## Work instructions:
The whole listing, apart from its images, should be restated word for word.

## Data below:
BEGIN

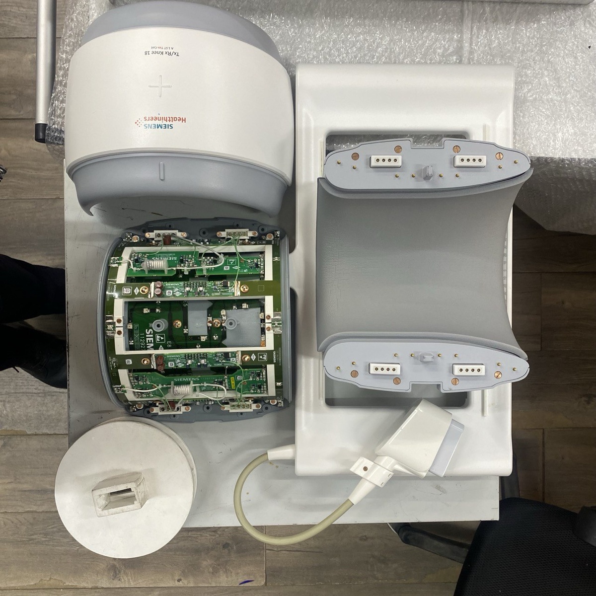 ⚠️ Неисправность: Нет возможности проводить сканирование на 18-ти канальной приемо-передающей коленной радиочастотной катушке TX/RX Knee 18. ✅ Проделанная работа: 1. Проведена первичная диагностика. В ходе внешнего осмотра катушки механических повреждений не выявлено. Очистка контактных поверхностей разъёмов как на стороне катушки, так и на столе пациента, не дала положительного эффекта — проблема сохраняется. 2. Был проведен сервисный тест “QA Coil Measure” 18-ти каналов катушки для проверки соотношения сигнал/шум. Значения в определенных каналах показали несоответствие нормальному диапазону. Был проведен компонентный ремонтс заменой неисправных радиоэлементов в предусилителях. Далее была проведена настройка приемо-передающего радиотракта на специализированном стенде и повторный тест QA Coil Measure. Катушка исправна. 👍 Tomograph.PRO - Мы лечим технику! Наш телеграм канал - https://t.me/tomograph_pro
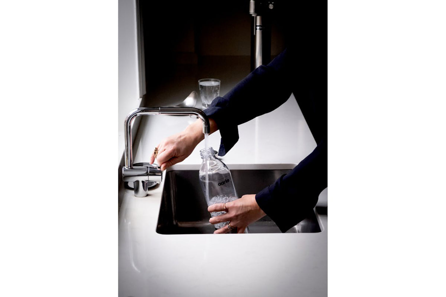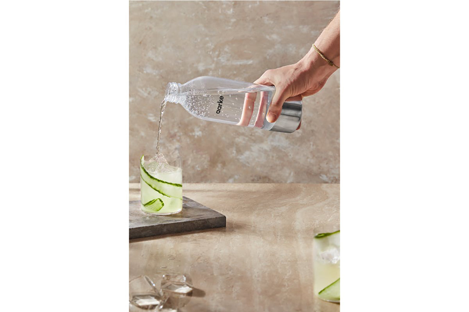 So, if you're regularly drinking sparkling water, the Aarke home carbonation system can reduce the size of your recycling pile by almost 100 small single use plastic bottles per cylinder.
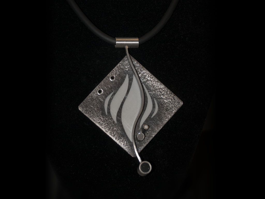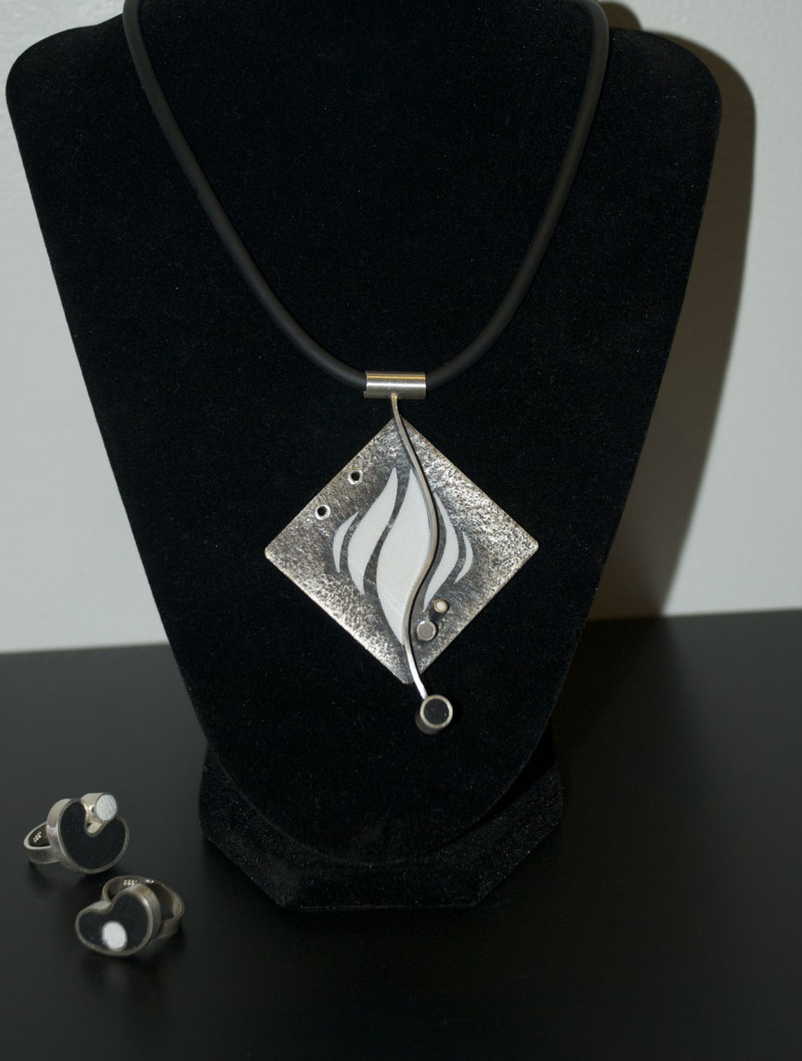This piece incorporates the new medium of Polymer clay, birthed as a jewelry medium in the same time frame.

END

## Task output:
 ⚠️ Неисправность: Нет возможности проводить сканирование на 18-ти канальной приемо-передающей коленной радиочастотной катушке TX/RX Knee 18. ✅ Проделанная работа: 1. Проведена первичная диагностика. В ходе внешнего осмотра катушки механических повреждений не выявлено. Очистка контактных поверхностей разъёмов как на стороне катушки, так и на столе пациента, не дала положительного эффекта — проблема сохраняется. 2. Был проведен сервисный тест “QA Coil Measure” 18-ти каналов катушки для проверки соотношения сигнал/шум. Значения в определенных каналах показали несоответствие нормальному диапазону. Был проведен компонентный ремонтс заменой неисправных радиоэлементов в предусилителях. Далее была проведена настройка приемо-передающего радиотракта на специализированном стенде и повторный тест QA Coil Measure. Катушка исправна. 👍 Tomograph.PRO - Мы лечим технику! Наш телеграм канал - https://t.me/tomograph_pro
 So, if you're regularly drinking sparkling water, the Aarke home carbonation system can reduce the size of your recycling pile by almost 100 small single use plastic bottles per cylinder.
This piece incorporates the new medium of Polymer clay, birthed as a jewelry medium in the same time frame.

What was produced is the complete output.